* The records *
★ ★ ★ ★ ★
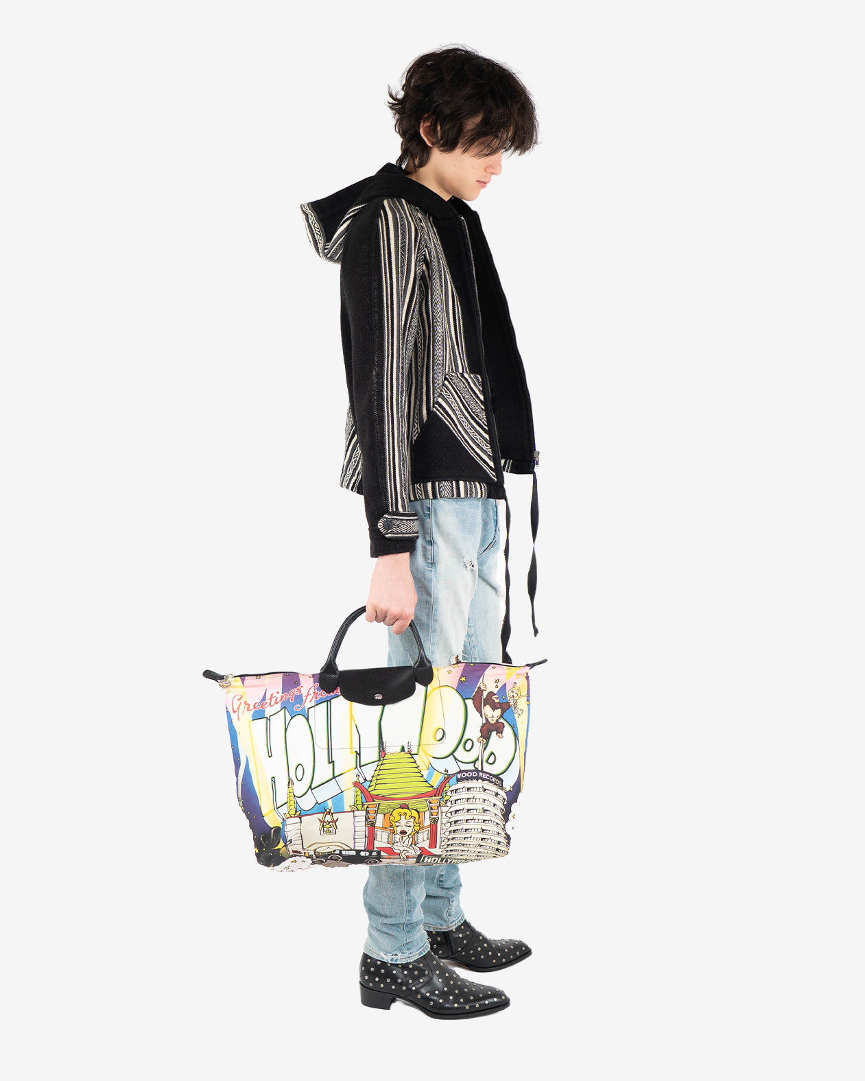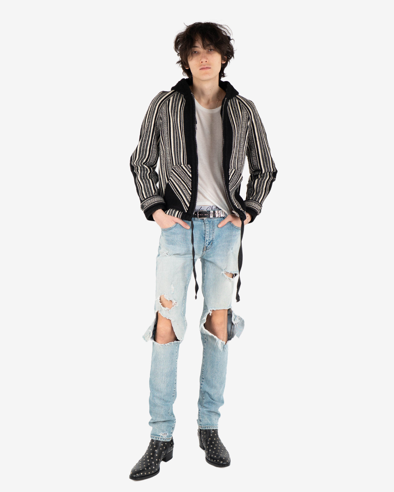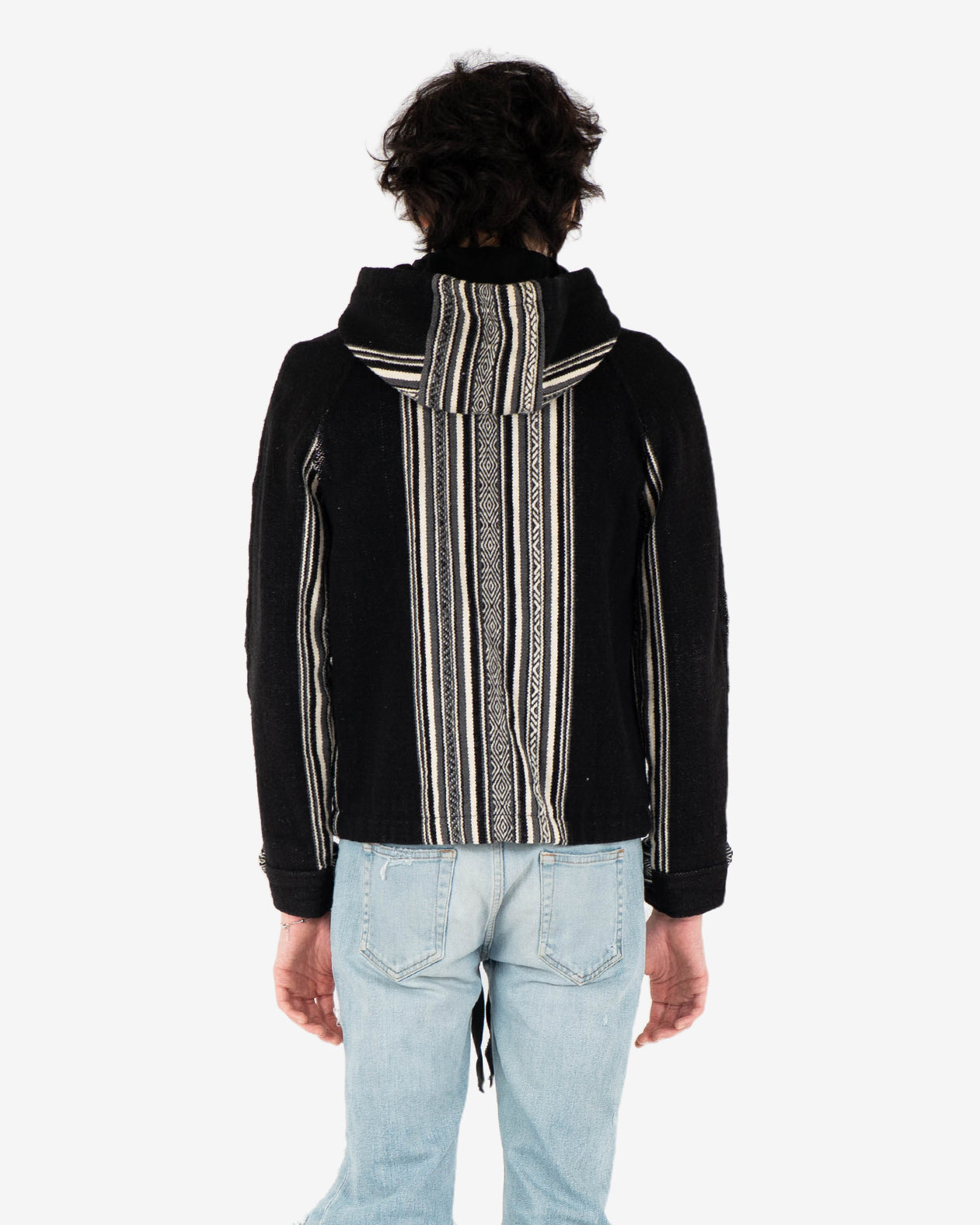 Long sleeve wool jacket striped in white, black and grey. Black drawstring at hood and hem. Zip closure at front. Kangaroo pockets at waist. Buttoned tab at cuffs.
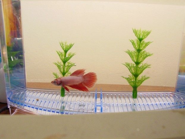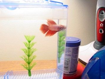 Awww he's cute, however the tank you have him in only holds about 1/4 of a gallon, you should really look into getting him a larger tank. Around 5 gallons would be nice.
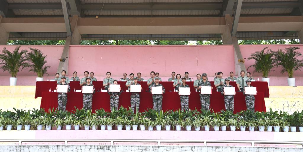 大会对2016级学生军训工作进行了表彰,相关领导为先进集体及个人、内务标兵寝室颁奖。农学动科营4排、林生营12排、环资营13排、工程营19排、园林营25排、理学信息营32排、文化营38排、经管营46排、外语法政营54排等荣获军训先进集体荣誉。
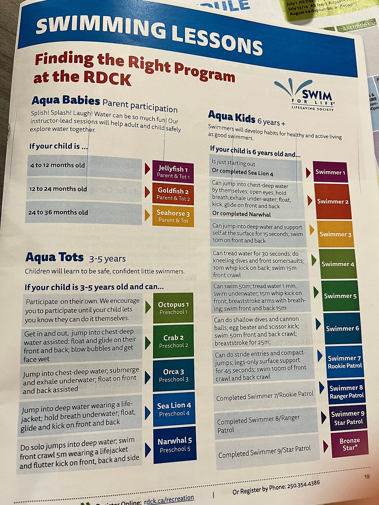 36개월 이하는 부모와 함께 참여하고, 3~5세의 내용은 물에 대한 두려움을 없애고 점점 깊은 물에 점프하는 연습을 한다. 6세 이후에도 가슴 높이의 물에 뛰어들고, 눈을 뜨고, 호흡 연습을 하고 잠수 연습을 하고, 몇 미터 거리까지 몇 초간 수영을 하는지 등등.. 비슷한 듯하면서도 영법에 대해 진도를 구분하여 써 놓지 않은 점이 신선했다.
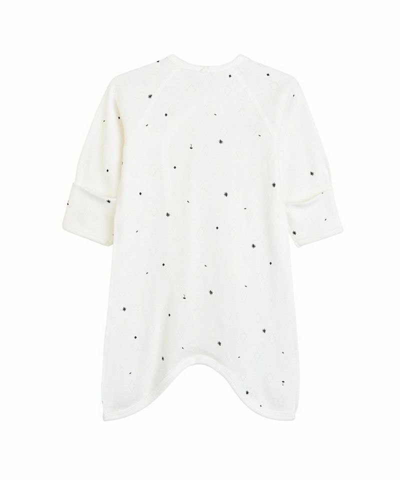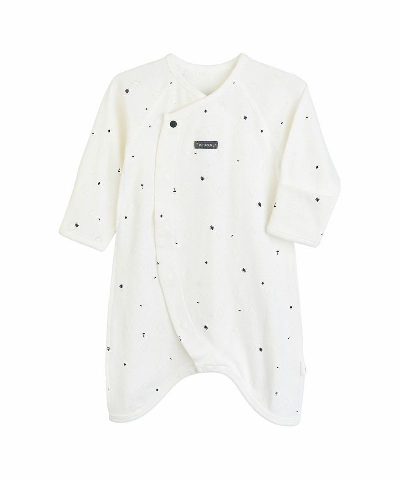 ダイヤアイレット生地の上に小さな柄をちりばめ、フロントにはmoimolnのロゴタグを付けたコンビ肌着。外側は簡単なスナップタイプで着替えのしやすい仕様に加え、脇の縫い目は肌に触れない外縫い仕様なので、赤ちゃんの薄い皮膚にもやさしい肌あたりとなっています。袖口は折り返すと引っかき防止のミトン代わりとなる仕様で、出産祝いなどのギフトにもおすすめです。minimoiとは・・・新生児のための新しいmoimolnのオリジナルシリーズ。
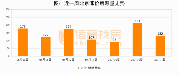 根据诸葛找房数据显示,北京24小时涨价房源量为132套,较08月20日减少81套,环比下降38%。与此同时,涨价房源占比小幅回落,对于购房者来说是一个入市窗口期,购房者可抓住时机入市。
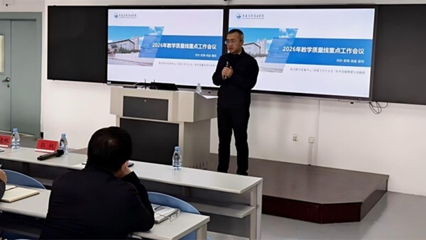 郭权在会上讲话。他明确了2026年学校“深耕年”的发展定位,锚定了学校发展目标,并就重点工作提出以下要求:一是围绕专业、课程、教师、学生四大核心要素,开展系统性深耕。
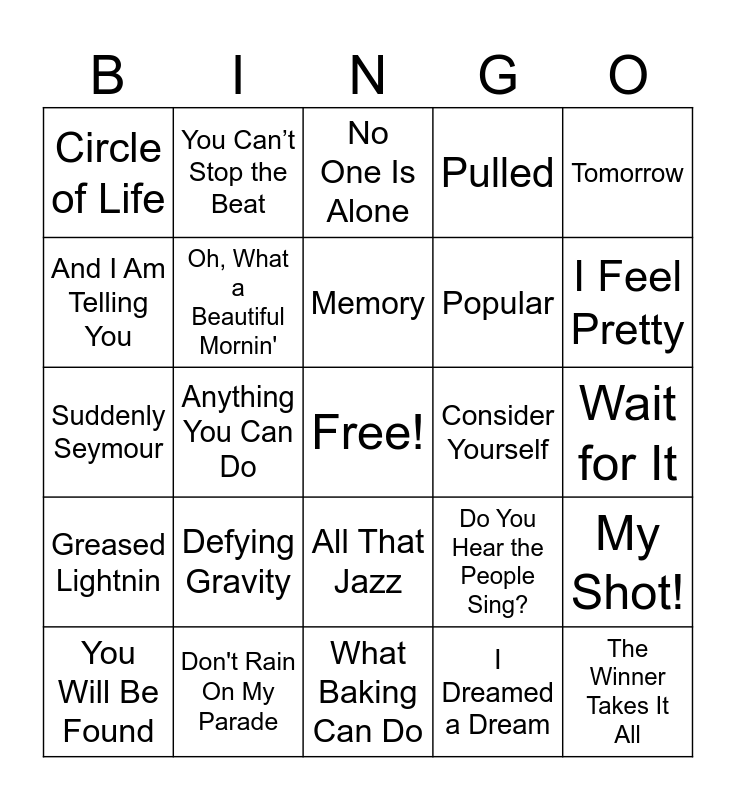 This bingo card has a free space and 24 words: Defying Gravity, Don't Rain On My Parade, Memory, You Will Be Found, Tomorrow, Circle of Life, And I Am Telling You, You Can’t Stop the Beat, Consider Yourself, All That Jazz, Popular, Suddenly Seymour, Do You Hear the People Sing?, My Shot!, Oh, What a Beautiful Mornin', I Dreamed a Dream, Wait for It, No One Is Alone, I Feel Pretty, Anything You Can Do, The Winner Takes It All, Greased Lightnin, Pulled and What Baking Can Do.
★ ★ ★ ★ ★
* Problem details *
Repeat the records in full, precisely, and keep the pictures out.

* Worked solution *
 Long sleeve wool jacket striped in white, black and grey. Black drawstring at hood and hem. Zip closure at front. Kangaroo pockets at waist. Buttoned tab at cuffs.
 Awww he's cute, however the tank you have him in only holds about 1/4 of a gallon, you should really look into getting him a larger tank. Around 5 gallons would be nice.
 大会对2016级学生军训工作进行了表彰,相关领导为先进集体及个人、内务标兵寝室颁奖。农学动科营4排、林生营12排、环资营13排、工程营19排、园林营25排、理学信息营32排、文化营38排、经管营46排、外语法政营54排等荣获军训先进集体荣誉。
 36개월 이하는 부모와 함께 참여하고, 3~5세의 내용은 물에 대한 두려움을 없애고 점점 깊은 물에 점프하는 연습을 한다. 6세 이후에도 가슴 높이의 물에 뛰어들고, 눈을 뜨고, 호흡 연습을 하고 잠수 연습을 하고, 몇 미터 거리까지 몇 초간 수영을 하는지 등등.. 비슷한 듯하면서도 영법에 대해 진도를 구분하여 써 놓지 않은 점이 신선했다.
 ダイヤアイレット生地の上に小さな柄をちりばめ、フロントにはmoimolnのロゴタグを付けたコンビ肌着。外側は簡単なスナップタイプで着替えのしやすい仕様に加え、脇の縫い目は肌に触れない外縫い仕様なので、赤ちゃんの薄い皮膚にもやさしい肌あたりとなっています。袖口は折り返すと引っかき防止のミトン代わりとなる仕様で、出産祝いなどのギフトにもおすすめです。minimoiとは・・・新生児のための新しいmoimolnのオリジナルシリーズ。
 根据诸葛找房数据显示,北京24小时涨价房源量为132套,较08月20日减少81套,环比下降38%。与此同时,涨价房源占比小幅回落,对于购房者来说是一个入市窗口期,购房者可抓住时机入市。
 郭权在会上讲话。他明确了2026年学校“深耕年”的发展定位,锚定了学校发展目标,并就重点工作提出以下要求:一是围绕专业、课程、教师、学生四大核心要素,开展系统性深耕。
 This bingo card has a free space and 24 words: Defying Gravity, Don't Rain On My Parade, Memory, You Will Be Found, Tomorrow, Circle of Life, And I Am Telling You, You Can’t Stop the Beat, Consider Yourself, All That Jazz, Popular, Suddenly Seymour, Do You Hear the People Sing?, My Shot!, Oh, What a Beautiful Mornin', I Dreamed a Dream, Wait for It, No One Is Alone, I Feel Pretty, Anything You Can Do, The Winner Takes It All, Greased Lightnin, Pulled and What Baking Can Do.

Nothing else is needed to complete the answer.